Cowburn — Find me on GitHub and StackOverflow.

Glob Patterns for File Matching in PHP

This article has been on the cards for a while now with recent articles elsewhere1,2 prompting me to get this finished and up on the blog. The focus here is on the wildcard patterns that can be used with glob.

Intro to the glob function

To quote the succinct description on the PHP manual page for glob:

The glob function searches for all the pathnames matching pattern according to the rules used by the libc glob function, which is similar to the rules used by common shells.

http://php.net/glob

What's in a pattern?

Most people who have already encountered glob know to make use of the * metacharacter to match some characters, and those digging a little deeper often discover that discrete alternatives can be globbed with braces (e.g. image.{gif,jpg,png}). However, there are more special characters and sequences that can be used to be more (or less, if we want) specific about what to find.

Aside: please do not make the mistake of thinking that glob patterns are regular expressions, they're just not. If you do want to use regular expressions to find paths/files then you are invited to use SPL's RegexIterator, which allows filtering of an Iterator based on a PCRE regex, in conjunction with a DirectoryIterator or FilesystemIterator (there are recursive flavours of the Regex- and DirectoryIterator if you need to delve into folders). For those SPL-ly inclined, also note the [GlobIterator][globitertor] which combines the goodness of globbing with iteration. If that made entirely no sense, please read on! Globs are much less verbose.

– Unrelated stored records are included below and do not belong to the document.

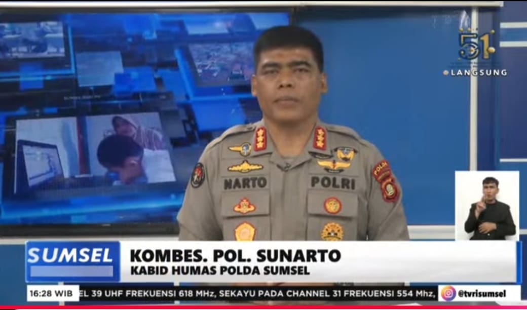 Palembang: Kabid Humas Polda Sumsel Kombes Pol SKabidunarto berkesempatan menjadi pembawa berita di TVRI Sumsel. Kegiatan ini dilakukan di studio TVRI Sumsel, Palembang, Sumatera Selatan, Selasa (28/1/2025) sore
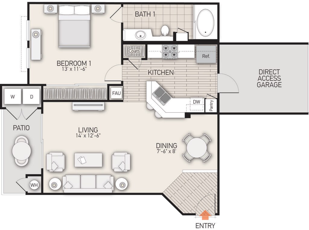 1 Bed, 1 Bath, 737 sq ftAvailable NowModel Gallery
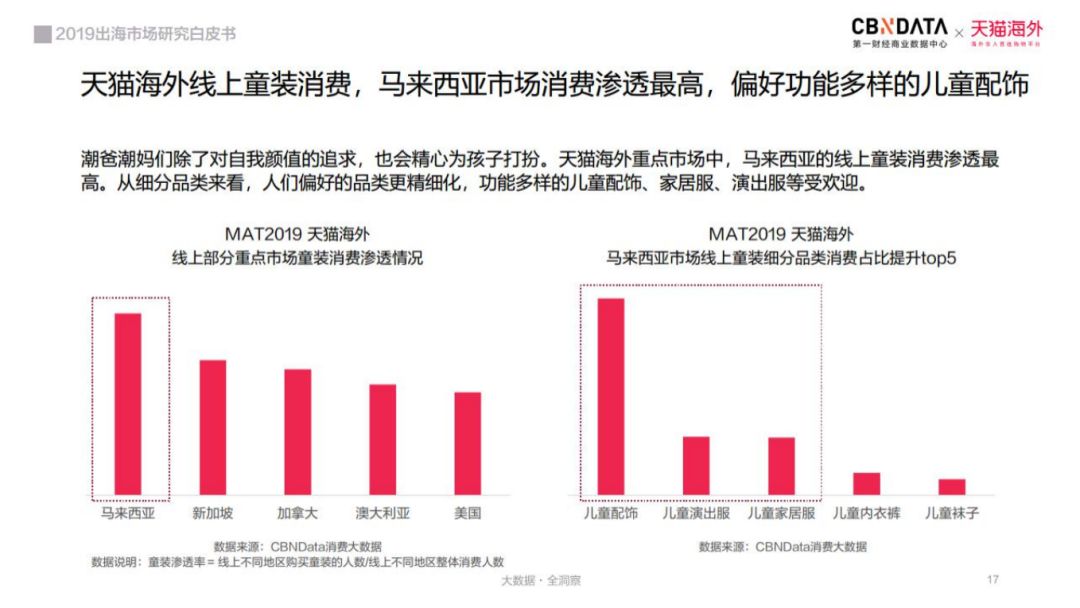 从2018年11月-2019年1月数据可见,伴随年关将至以及新春佳节的来临,中式传统家居饰品的订单量有显著的暴涨。此外,从消费人数的占比来看,近一年来,贴饰、摆件、装饰画等传统家居饰品依旧占据热门。而秉持着“独乐乐不如众乐乐”的优良美德,购买中国传统礼品赠予亲友的也大有人在。数据显示,北美、澳洲市场非常偏爱创意折扇、传统元素冰箱贴等中国风小饰品,将其作为送礼佳品赠送给亲友。穿国潮:MADE IN CHINA穿上身,国潮深入娃娃心国潮崛起,不仅成为国内消费者的新宠,更是随着在国际舞台的屡屡亮相,成功引起了海外消费者的注意。CBNData《白皮书》显示,近两年来,天猫海外线上国潮相关消费人数暴涨。分别从消费粘性和消费力水平来看,东南亚市场与北美、澳洲市场消费频次一致,但北美、澳洲市场表现出了更高的消费力水平。

So, here are the special doohickeys (technical term!) that we can use with glob:

* (an asterisk)
Matches zero of more characters.
?
Matches exactly any one character.
[...]
Matches one character from a group. A group can be a list of characters, e.g. [afkp], or a range of characters, e.g. [a-g] which is the same as [abcdefg].
[!...]
Matches any single character not in the group. [!a-zA-Z0-9] matches any character that is not alphanumeric.
\
Escapes the next character. For special characters, this causes them to not be treated as special. For example, \[ matches a literal [. If flags includes GLOB_NOESCAPE, this quoting is disabled and \ is handled as a simple character.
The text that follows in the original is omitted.